Multi-purpose venue in Dorset, England

The Hub (also known as the Verwood Hub) is a multi-purpose venue based in Verwood, Dorset, England, hosting a range of live music, theatre, art, conferences, workshops, children’s activities and other community based projects. There is also a 7.1 surround sound cinema, a state-of-the-art gym and a café.

==History==
First mooted in the 1990s, with strong local support, the Hub was one of the biggest community projects ever delivered by East Dorset District Council (EDDC), at a cost of nearly £2.75m. The Hub opened on 12 March 2007, with management and control handed over to the volunteer Verwood Hub Community Association (later changing their name to Verwood Arts And Leisure Amenities).

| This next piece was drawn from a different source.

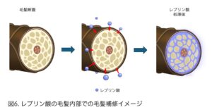 以上の結果から、レブリン酸はダメージのある毛髪内部に浸透して、内部構造の架橋密度を高めることで熱に強い状態に毛髪を変化させると考えられる。これにより、熱ダメージによる切れ毛を防ぐ効果が期待できる(図6)。

The main hall was named the Merryfield Theatre after the late Buster Merryfield, a long-term resident of Verwood.

In 2013 an extension to The Hub was built to house a state-of-the-art gym to replace facilities in the old Verwood Leisure Centre which was sold to Morrisons to allow their Verwood supermarket to expand.

On 1 July 2014, with the volunteer management running into some financial difficulties, tenancy and assets reverted to EDDC.

In 2018 the Merryfield theatre cinema system was upgraded to include full cinema-quality picture and 7.1 surround sound.

Following the reorganisation of Dorset councils in 2019, responsibility for The Hub moved over to Dorset Council, and is now run as part of the East Dorset Partnership which includes Queen Elizabeth Leisure Centre in Wimborne.

==Facilities==
The Merrifield Theatre can accommodate 304 people in raked theatre-style seating with stage, cinema screen and full sound system; or the seating can be removed to provide a conference facility or cabaret/banquet-style seating for around 240.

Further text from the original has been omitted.